Data extracted from a collection
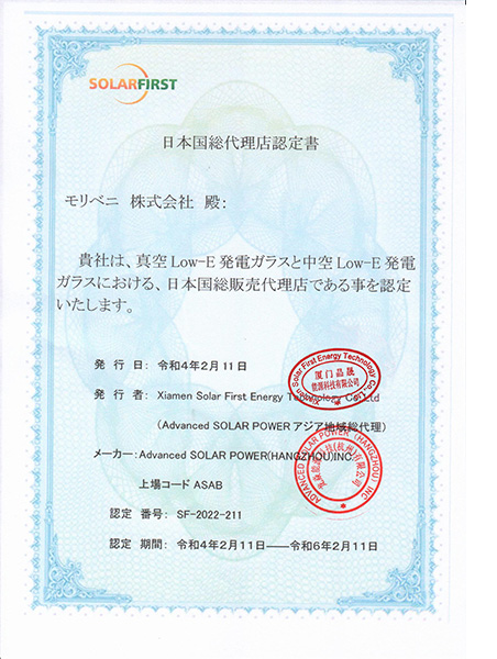 Em 11 de fevereiro de 2022, a Solar First assinou um acordo de agência exclusiva com a renomada empresa japonesa モリベニ 株式会社, autorizando-a como agente geral da empresa no Japão.
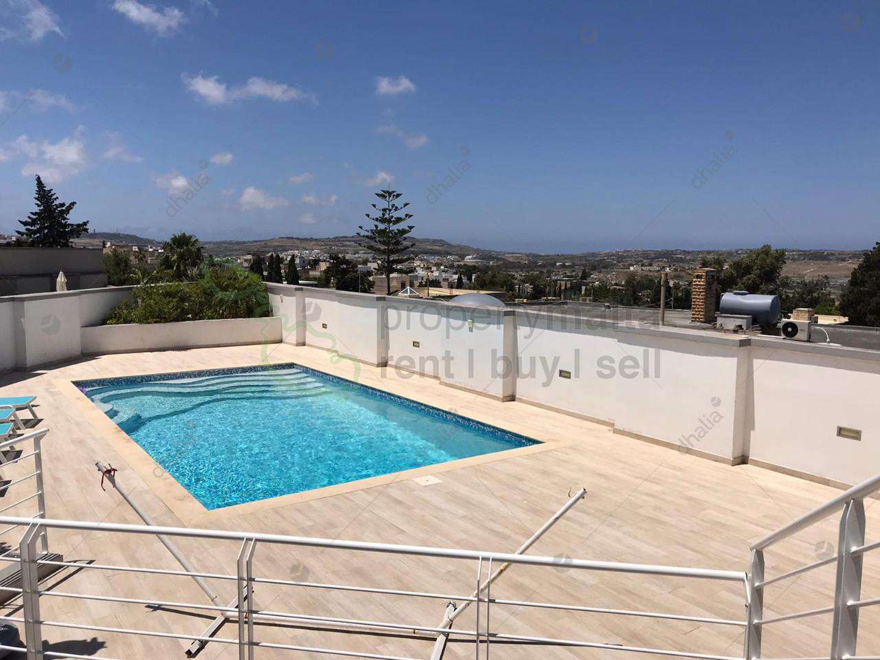 Street-level semi-detached bungalow plot measuring 750 square metres, fully equipped and finished to the highest of standards in 2017. This property is set on two levels, living quarters at street level set on an open-plan layout comprising a beautiful kitchen with a large island and combined separate dining room, large living room, storage room, a study and guest toilet. Interconnecting two-car garage and large driveway. All rooms have wide apertures and enjoy plenty of natural light and country and distant sea views throughout. Kitchen/living and dining rooms lead onto two sizeable west-facing terraces with views that enjoy sunsets all year round. The lower level comprises four bedrooms all with ensuite bathrooms and three of these bedrooms have walk-in wardrobes, a large laundry room and a storage room. The beautiful pool area has ample deck space, large pool with jacuzzi, lovely side garden and pool shower. This property is fitted with double-glazing apertures throughout, intercom and CCTV; alarm system; Siemens solar water heater installed on the roof.
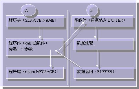 其中(A): 程序头和程序尾和程序体,每个程序是类似的,是控制体,而(B)为业务部分,利用TUXEDO的参数体(FML buffer)来动态传递参数,复合构件并没有直接对应的实现体,其定义部分除了包含对外提供的功能和要求的功能外,还包括了其内部成员构件之间的连接,以及复合构件和成员构件之间的映射关系。
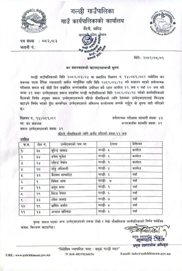 कर संकलकहरुको खटनपटनसम्बन्धी सूचना
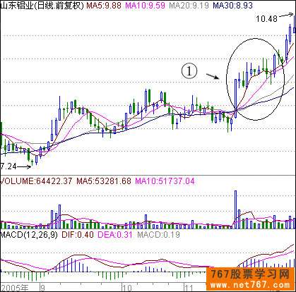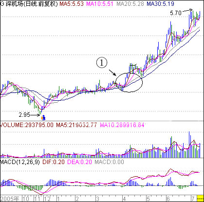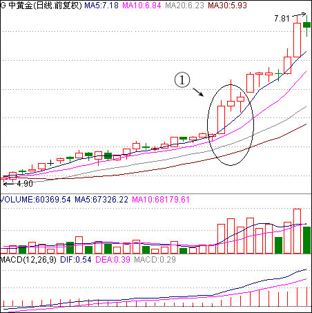 均线多头排列选股法,就是挑选那些低位经过一段时间震荡横盘吸货之后,开始启动的个股,初期呈现均线多头排列的时候,可以及时跟进,会有极大收益。前提是你对个股的基本面分析要有一定的水平,多挑选那些业绩>0.10元的个股,最好有基金重仓!图中①处,该股涨停板放量启动进攻,均线开始多头排列,可以在股价贴近5日或10日均线处买入。
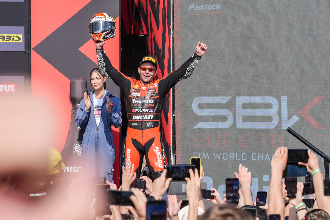 Danilo Petrucci, aos comandos de uma Ducati Panigale V4R da BARNI SPARK RACING TEAM faz o “Hat-Trick” em Cremona, demonstrando ao longo de todo o fim de semana um ritmo que a concorrência não conseguiu acompanhar.
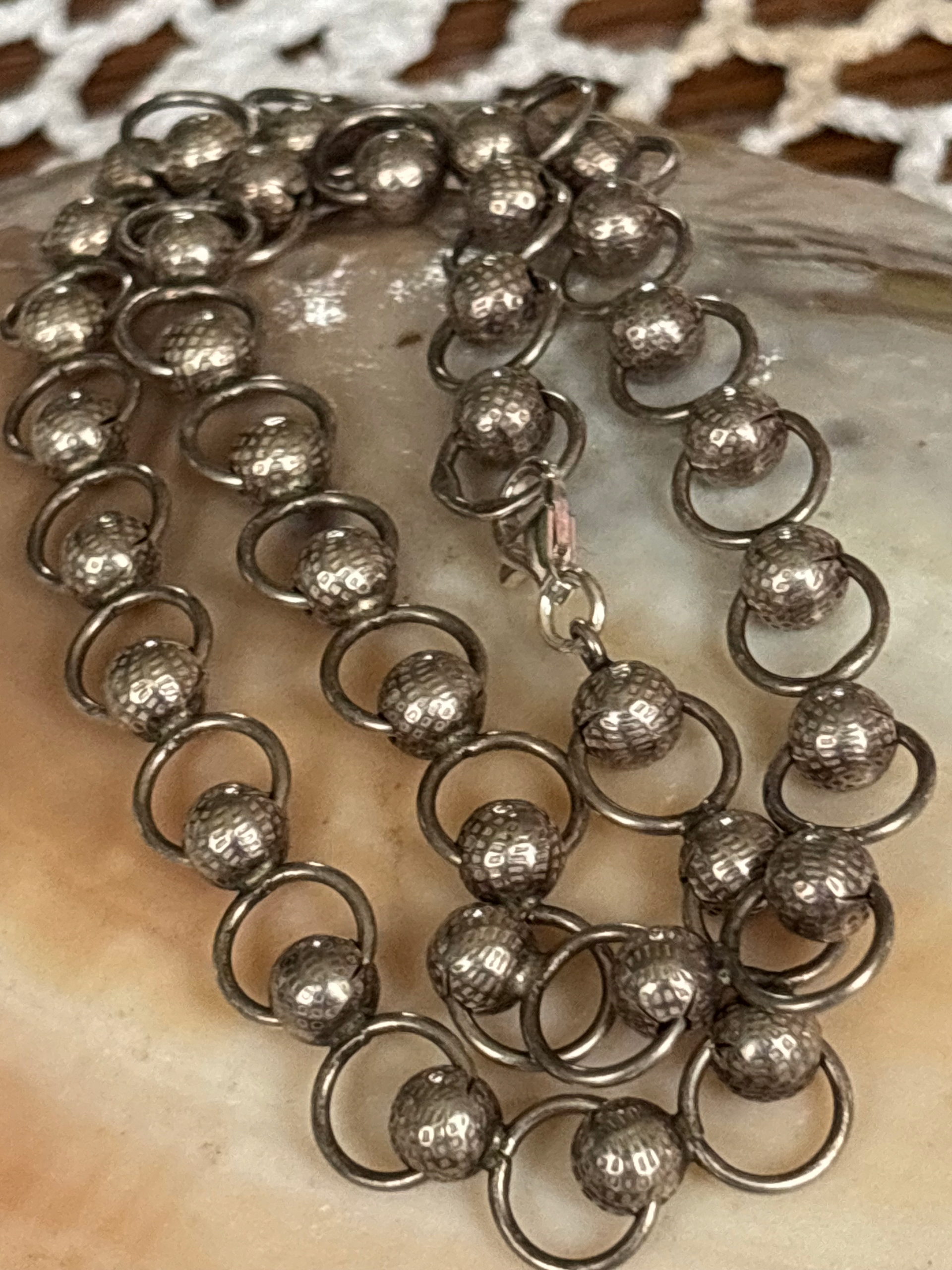 TS Łancuszek naszyjnik stary srebrny kulki ciekawy wzór cz. kompletu PRL
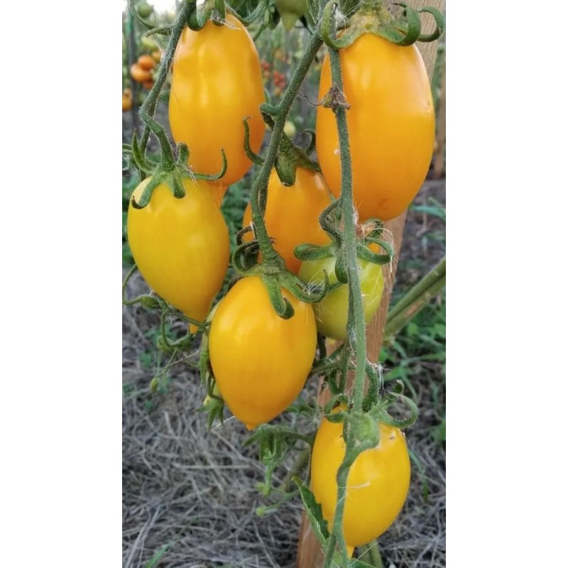 Вкусный скороспелый салатный сорт. Для теплиц и открытого грунта. Высота детерминантных растений в з/г около 1-1,2 м. Завязи собраны в крупные кисти. Плодов образуется настолько много, что кустам необходима надежная подвязка. Период от всходов до получения первого урожая 100-105 дней. Созревание кистей последовательное, плоды не трескаются, не осыпаются. Масса томатов* 50-70 г (отдельные – до 85 г). Они могут быть с носиками или без них. Мякоть кремово-желтая, плотная, нежная, сочная, ароматная. Продукция подходит для заготовок на зиму, хорошо хранится и транспортируется. *Форма плодов может меняться в зависимости от условий.
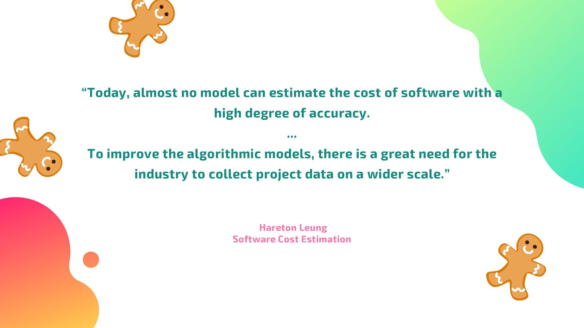 with a high degree of accuracy. ... To improve the algorithmic models, there is a great need for the industry to collect project data on a wider scale.” Hareton Leung Software Cost Estimation
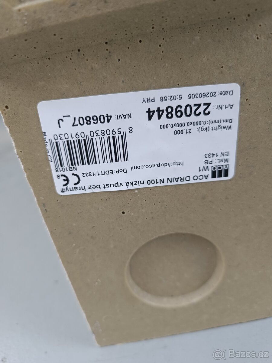 ACO drain žlab odtokový - TOP - [30.3. 2026]Prodám zcela nový ACO drain žlab 0,5m s výpustnou trubkou a litinovým roštem 3 kusy. Původní cena 1300,-Kč/kus

▸ ASSIGNMENT
An exact copy of the records is required. Pictures do not belong in it.

▸ RESULT OF THIS EXERCISE
 Em 11 de fevereiro de 2022, a Solar First assinou um acordo de agência exclusiva com a renomada empresa japonesa モリベニ 株式会社, autorizando-a como agente geral da empresa no Japão.
 Street-level semi-detached bungalow plot measuring 750 square metres, fully equipped and finished to the highest of standards in 2017. This property is set on two levels, living quarters at street level set on an open-plan layout comprising a beautiful kitchen with a large island and combined separate dining room, large living room, storage room, a study and guest toilet. Interconnecting two-car garage and large driveway. All rooms have wide apertures and enjoy plenty of natural light and country and distant sea views throughout. Kitchen/living and dining rooms lead onto two sizeable west-facing terraces with views that enjoy sunsets all year round. The lower level comprises four bedrooms all with ensuite bathrooms and three of these bedrooms have walk-in wardrobes, a large laundry room and a storage room. The beautiful pool area has ample deck space, large pool with jacuzzi, lovely side garden and pool shower. This property is fitted with double-glazing apertures throughout, intercom and CCTV; alarm system; Siemens solar water heater installed on the roof.
 其中(A): 程序头和程序尾和程序体,每个程序是类似的,是控制体,而(B)为业务部分,利用TUXEDO的参数体(FML buffer)来动态传递参数,复合构件并没有直接对应的实现体,其定义部分除了包含对外提供的功能和要求的功能外,还包括了其内部成员构件之间的连接,以及复合构件和成员构件之间的映射关系。
 कर संकलकहरुको खटनपटनसम्बन्धी सूचना
 均线多头排列选股法,就是挑选那些低位经过一段时间震荡横盘吸货之后,开始启动的个股,初期呈现均线多头排列的时候,可以及时跟进,会有极大收益。前提是你对个股的基本面分析要有一定的水平,多挑选那些业绩>0.10元的个股,最好有基金重仓!图中①处,该股涨停板放量启动进攻,均线开始多头排列,可以在股价贴近5日或10日均线处买入。
 Danilo Petrucci, aos comandos de uma Ducati Panigale V4R da BARNI SPARK RACING TEAM faz o “Hat-Trick” em Cremona, demonstrando ao longo de todo o fim de semana um ritmo que a concorrência não conseguiu acompanhar.
 TS Łancuszek naszyjnik stary srebrny kulki ciekawy wzór cz. kompletu PRL
 Вкусный скороспелый салатный сорт. Для теплиц и открытого грунта. Высота детерминантных растений в з/г около 1-1,2 м. Завязи собраны в крупные кисти. Плодов образуется настолько много, что кустам необходима надежная подвязка. Период от всходов до получения первого урожая 100-105 дней. Созревание кистей последовательное, плоды не трескаются, не осыпаются. Масса томатов* 50-70 г (отдельные – до 85 г). Они могут быть с носиками или без них. Мякоть кремово-желтая, плотная, нежная, сочная, ароматная. Продукция подходит для заготовок на зиму, хорошо хранится и транспортируется. *Форма плодов может меняться в зависимости от условий.
 with a high degree of accuracy. ... To improve the algorithmic models, there is a great need for the industry to collect project data on a wider scale.” Hareton Leung Software Cost Estimation
 ACO drain žlab odtokový - TOP - [30.3. 2026]Prodám zcela nový ACO drain žlab 0,5m s výpustnou trubkou a litinovým roštem 3 kusy. Původní cena 1300,-Kč/kus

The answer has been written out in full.